Cybersecurity summit pays little attention to control system's security
Leading security experts and government officials met last week in Dallas at the EastWest Institute’s first annual Cyber Security summit. Unfortunately, little attention was paid to control system security despite the threat of increasing infrastructure attacks.
Homeland Security Newswire, May 13, 2010
"Despite threats of infrastructure attacks, scant attention was paid to control systems during a global security conference; the problem is safeguarding infrastructure's control systems against attackers is that such protection requires a different approach to securing PCs or networks; Windows-based security products will not help; says one expert: "All the devices that sense things -- temperature, pressure, flow, and things like that -- are not Windows, those are proprietary, real-time or embedded, and there's no security there"

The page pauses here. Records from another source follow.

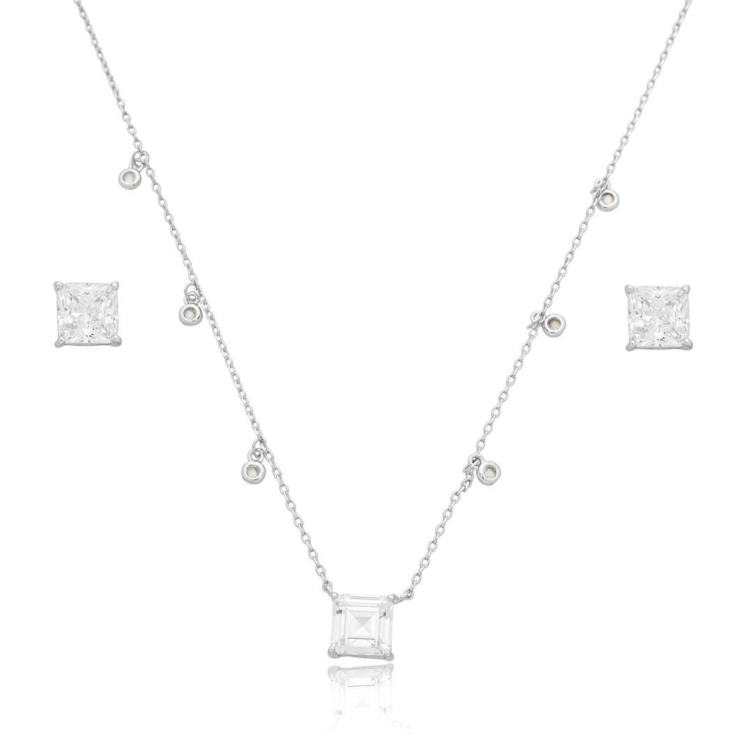 Esse é um conjunto elegante e sofisticado de brinco e colar de semijoias de pedra com zircônia no banho em ródio branco. Complemente seu visual com essa peça de alta qualidade e brilho intenso. Ideal para ocasiões especiais ou para uso diário. Feito com materiais de primeira linha, esse conjunto é resistente e durável, além de possuir um design moderno e elegante. As pedras de zircônia imitam com perfeição o brilho dos diamantes, proporcionando um visual luxuoso e glamoroso.
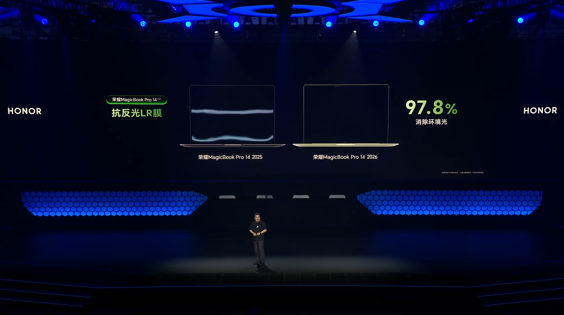荣耀MagicBook Pro 14 2026采用3.1K分辨率OLED触控屏,这次新增超低反LR膜,有效提升OLED屏幕抗反光能力;荣耀MagicBook Pro 16 2026采用3K分辨率LCD屏,支持165Hz高刷。荣耀发布会荣耀WIN游戏本
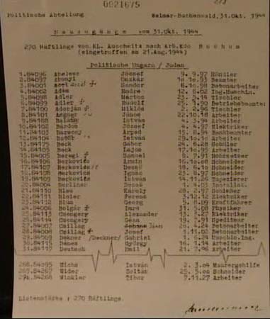 JC: The transport list of prisoners taken from Auschwitz to Bochum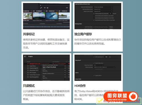 DaVinci Resolve Studio搭载通用时间线功能,采用强大的数据库设计、媒体夹和片段锁定、内置聊天、时间线对比工具以及更多功能,是一款可让不同工作人员同时对同一个项目进行操作的后期制作解决方案!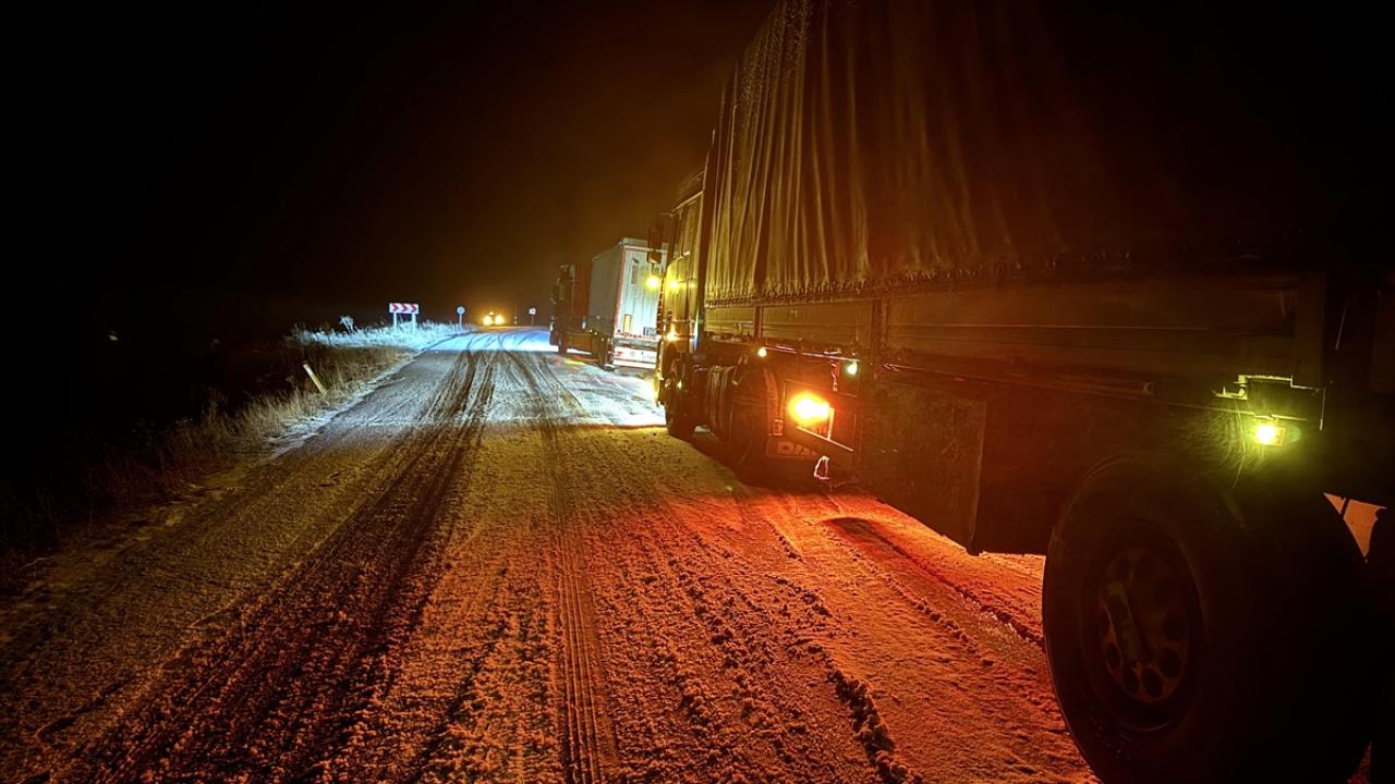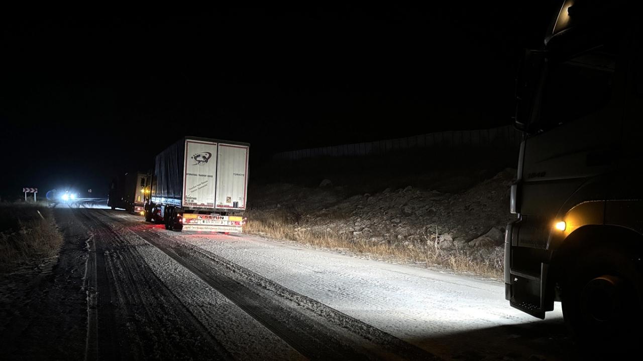 Ardahan-Şavşat kara yolunun Sahara mevkisinde oluşan buzlanma nedeniyle 6 tır, Yaylalar mevkisinde ise 3 araç yolda kaldı.
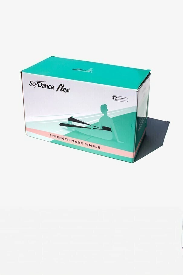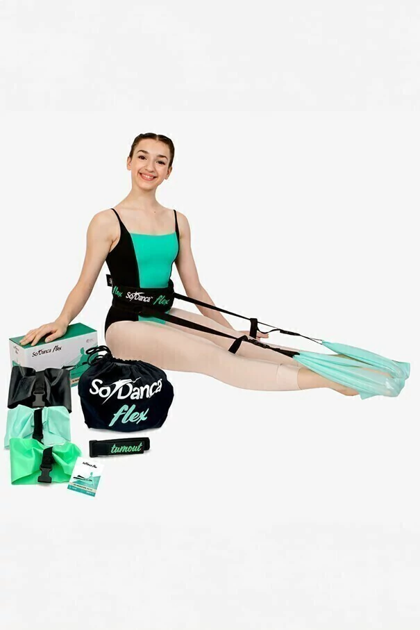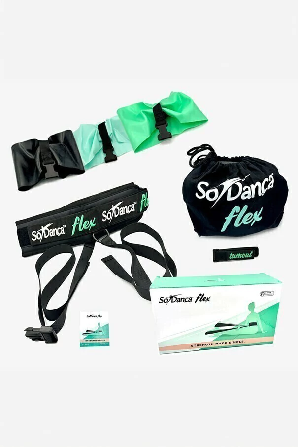 Flex é um dispositivo de fortalecimento de pés e tornozelos que elimina a necessidade dos bailarinos manipularem manualmente o TheraBand. Com um cós ajustável e alças ajustáveis para as pernas, você pode definir o nível exato de resistência desejado, dependendo dos exercícios, comprimento das pernas e flexibilidade. Flex oferece três níveis diferentes de faixas de resistência. À medida que você se fortalece, você pode explorar novas maneiras de exercitar os dedos dos pés, arcos e tornozelos.

The goal of the conference was to find common solutions to cybercrime and other online attacks, which respect no national boundaries. InformationWeek’s Mathew Schwartz writes that the first step, then, was to introduce policymakers and experts from around the world, to begin creating the relationships and transparency needed to make this happen. “How can you do partnerships with private industry, how can you do it with other governments when everything’s behind a veil of secrecy?” said White House Cybersecurity coordinator Howard Schmidt.
The next step, Schwartz notes, will be more challenging. “Breakthrough solutions will require the effective integration of technical, business, legal, defense and international policy competencies on a level that has not happened so far,” wrote attendee Ikram Sehgal, a defense and political analyst and EastWest board member, in the News, a Pakistani newspaper. “Nations are thinking too parochially about their online security to collaborate on crafting global cyber regulations.”
Top of the cybersecurity agenda for many governments: how to prevent “nightmare” infrastructure attacks against “electricity, power grids, transportation, airplanes, water supply, finance, the banking system [and] the health system,” said Patrick Pailloux, director general of the French Network and Information Security Agency. His biggest nightmare? “That we don’t have enough time to prepare us for the nightmares.”